__What the task asks__: What is needed is an exact copy of the data below, pictures excluded.

++++ Raw data ++++

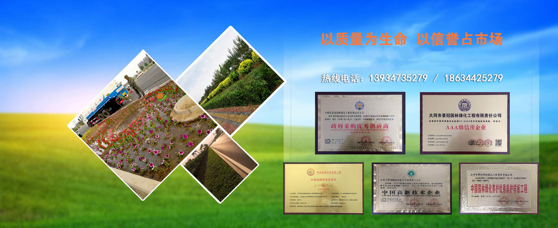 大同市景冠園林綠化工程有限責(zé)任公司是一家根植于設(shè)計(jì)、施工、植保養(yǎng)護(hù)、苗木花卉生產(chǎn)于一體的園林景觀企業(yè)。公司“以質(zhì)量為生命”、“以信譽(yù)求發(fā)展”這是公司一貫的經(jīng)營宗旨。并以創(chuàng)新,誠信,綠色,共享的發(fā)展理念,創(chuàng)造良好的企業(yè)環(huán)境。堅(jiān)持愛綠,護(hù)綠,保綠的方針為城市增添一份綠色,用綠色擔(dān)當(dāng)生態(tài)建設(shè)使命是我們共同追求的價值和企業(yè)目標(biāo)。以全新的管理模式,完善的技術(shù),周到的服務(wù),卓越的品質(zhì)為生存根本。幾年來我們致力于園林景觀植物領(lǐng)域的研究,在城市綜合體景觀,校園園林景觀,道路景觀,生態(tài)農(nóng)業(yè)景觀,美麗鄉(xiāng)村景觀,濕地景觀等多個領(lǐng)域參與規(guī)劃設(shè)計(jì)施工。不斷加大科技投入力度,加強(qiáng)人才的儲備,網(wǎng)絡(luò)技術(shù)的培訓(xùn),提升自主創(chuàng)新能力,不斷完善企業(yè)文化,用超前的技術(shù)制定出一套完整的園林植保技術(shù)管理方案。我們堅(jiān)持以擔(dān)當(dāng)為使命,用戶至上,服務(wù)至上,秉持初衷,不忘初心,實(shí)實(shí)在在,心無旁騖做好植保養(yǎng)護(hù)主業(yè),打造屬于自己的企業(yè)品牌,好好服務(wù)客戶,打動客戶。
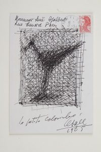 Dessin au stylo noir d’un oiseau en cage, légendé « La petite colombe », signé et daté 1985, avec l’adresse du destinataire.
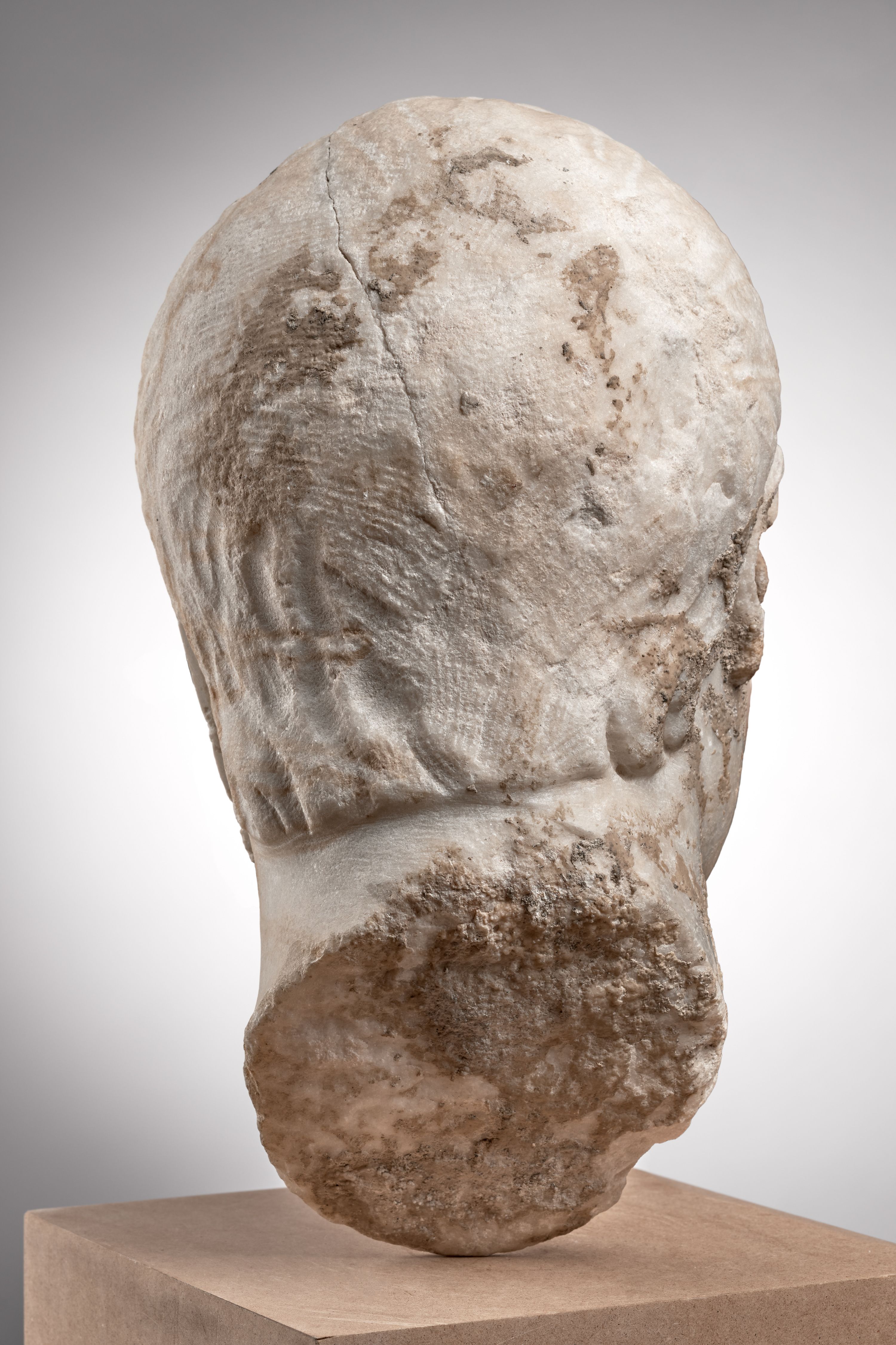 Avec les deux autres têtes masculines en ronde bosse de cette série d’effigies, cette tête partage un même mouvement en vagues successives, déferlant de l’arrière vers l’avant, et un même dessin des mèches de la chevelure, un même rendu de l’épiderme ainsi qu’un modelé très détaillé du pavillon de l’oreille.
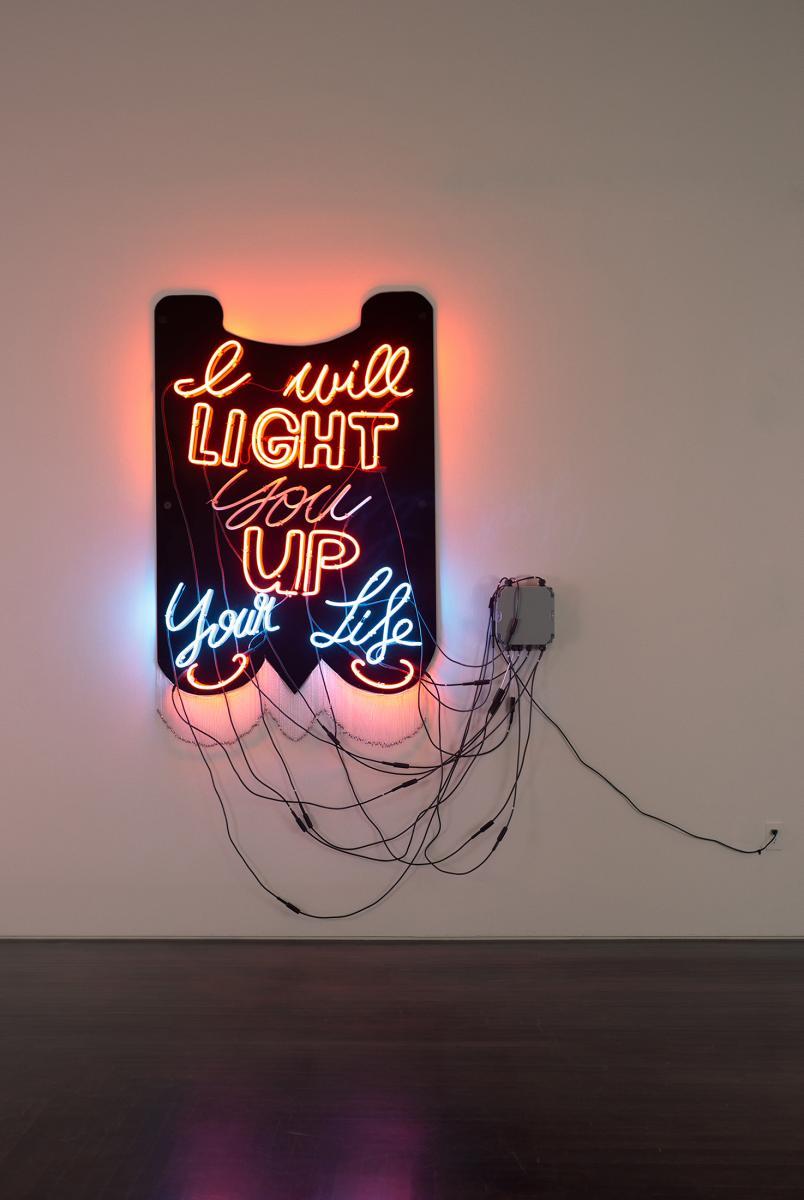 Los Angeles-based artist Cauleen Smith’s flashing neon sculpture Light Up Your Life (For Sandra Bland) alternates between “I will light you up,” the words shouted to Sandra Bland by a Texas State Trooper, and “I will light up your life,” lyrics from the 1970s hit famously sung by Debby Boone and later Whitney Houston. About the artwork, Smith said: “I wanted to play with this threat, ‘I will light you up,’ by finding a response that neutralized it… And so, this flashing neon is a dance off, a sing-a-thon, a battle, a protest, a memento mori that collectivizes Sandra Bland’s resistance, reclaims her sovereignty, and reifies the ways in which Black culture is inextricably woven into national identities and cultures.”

++++

__Your solution__:
 大同市景冠園林綠化工程有限責(zé)任公司是一家根植于設(shè)計(jì)、施工、植保養(yǎng)護(hù)、苗木花卉生產(chǎn)于一體的園林景觀企業(yè)。公司“以質(zhì)量為生命”、“以信譽(yù)求發(fā)展”這是公司一貫的經(jīng)營宗旨。并以創(chuàng)新,誠信,綠色,共享的發(fā)展理念,創(chuàng)造良好的企業(yè)環(huán)境。堅(jiān)持愛綠,護(hù)綠,保綠的方針為城市增添一份綠色,用綠色擔(dān)當(dāng)生態(tài)建設(shè)使命是我們共同追求的價值和企業(yè)目標(biāo)。以全新的管理模式,完善的技術(shù),周到的服務(wù),卓越的品質(zhì)為生存根本。幾年來我們致力于園林景觀植物領(lǐng)域的研究,在城市綜合體景觀,校園園林景觀,道路景觀,生態(tài)農(nóng)業(yè)景觀,美麗鄉(xiāng)村景觀,濕地景觀等多個領(lǐng)域參與規(guī)劃設(shè)計(jì)施工。不斷加大科技投入力度,加強(qiáng)人才的儲備,網(wǎng)絡(luò)技術(shù)的培訓(xùn),提升自主創(chuàng)新能力,不斷完善企業(yè)文化,用超前的技術(shù)制定出一套完整的園林植保技術(shù)管理方案。我們堅(jiān)持以擔(dān)當(dāng)為使命,用戶至上,服務(wù)至上,秉持初衷,不忘初心,實(shí)實(shí)在在,心無旁騖做好植保養(yǎng)護(hù)主業(yè),打造屬于自己的企業(yè)品牌,好好服務(wù)客戶,打動客戶。
 Dessin au stylo noir d’un oiseau en cage, légendé « La petite colombe », signé et daté 1985, avec l’adresse du destinataire.
 Avec les deux autres têtes masculines en ronde bosse de cette série d’effigies, cette tête partage un même mouvement en vagues successives, déferlant de l’arrière vers l’avant, et un même dessin des mèches de la chevelure, un même rendu de l’épiderme ainsi qu’un modelé très détaillé du pavillon de l’oreille.
 Los Angeles-based artist Cauleen Smith’s flashing neon sculpture Light Up Your Life (For Sandra Bland) alternates between “I will light you up,” the words shouted to Sandra Bland by a Texas State Trooper, and “I will light up your life,” lyrics from the 1970s hit famously sung by Debby Boone and later Whitney Houston. About the artwork, Smith said: “I wanted to play with this threat, ‘I will light you up,’ by finding a response that neutralized it… And so, this flashing neon is a dance off, a sing-a-thon, a battle, a protest, a memento mori that collectivizes Sandra Bland’s resistance, reclaims her sovereignty, and reifies the ways in which Black culture is inextricably woven into national identities and cultures.”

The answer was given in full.